“Once, not long ago,” we learn in a prologue for The Band’s Visit (at the Ethel Barrymore Theatre), “a group of musicians came to Israel from Egypt. You probably didn’t hear about it. It wasn’t very important.” Bravo for one of Broadway’s least-explored virtues, humility. That dry, slightly arch tone carries on throughout this bittersweet musical, and the effect it creates is enchanting. This is one of the true standouts of the Broadway season.
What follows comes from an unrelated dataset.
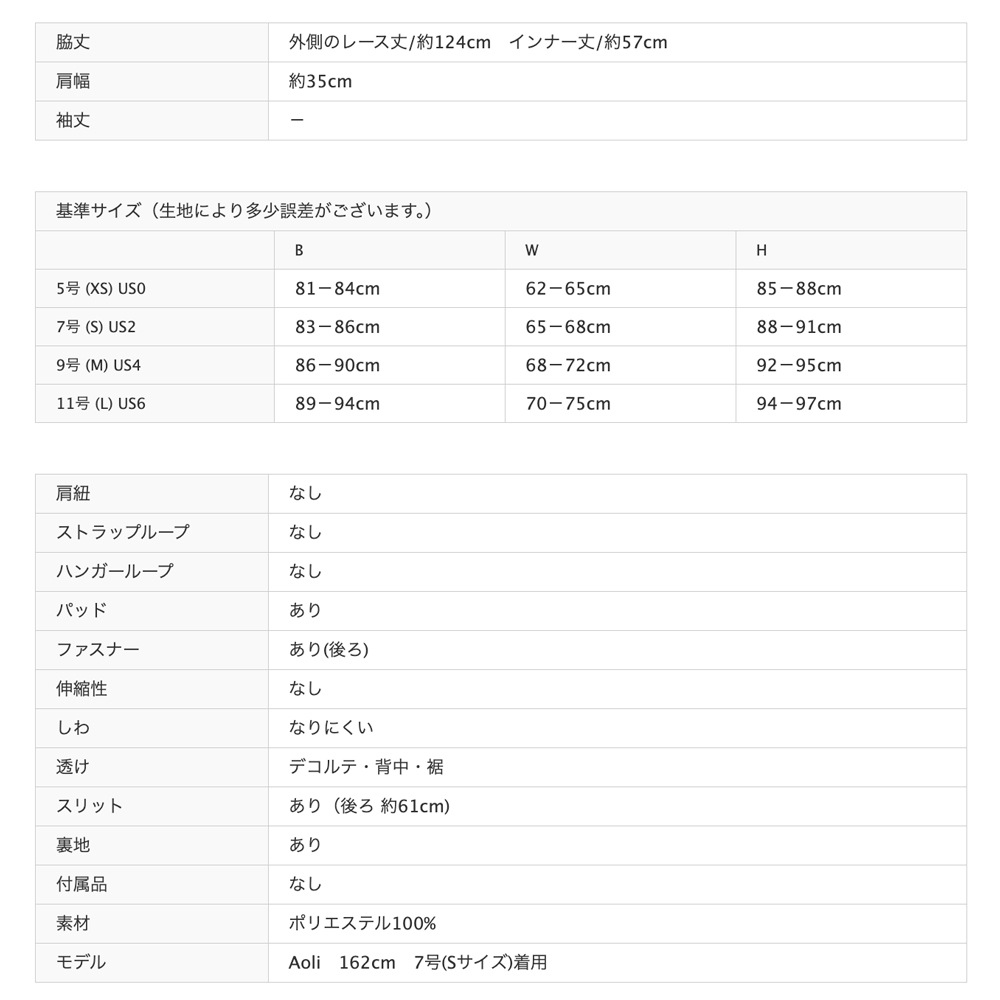 ※透け感のある箇所(デコルテ・背中・裾)はインナーの色で印象が変わるため、ベージュ系など馴染む色がおすすめです。

Based on the non-musical 2007 Israeli film of the same title, the show matches infectious musical numbers with an enticingly low-key story. The Alexandria Ceremonial Police Orchestra, invited to Israel to play at an Arab cultural center in an arts-loving city called Petah Tikvah, takes the wrong bus and instead arrives in Bet Hatikvah, a dusty nowheresville in the desert. Polite and stiff in their baby-blue uniforms, speaking only faltering English (and no Hebrew), the band members are dejected and marooned. One musician’s patented pickup line, “Do you like Chet Baker?” doesn’t seem to be working very well, possibly because it comes out sounding like “Do you like Shit Becker?”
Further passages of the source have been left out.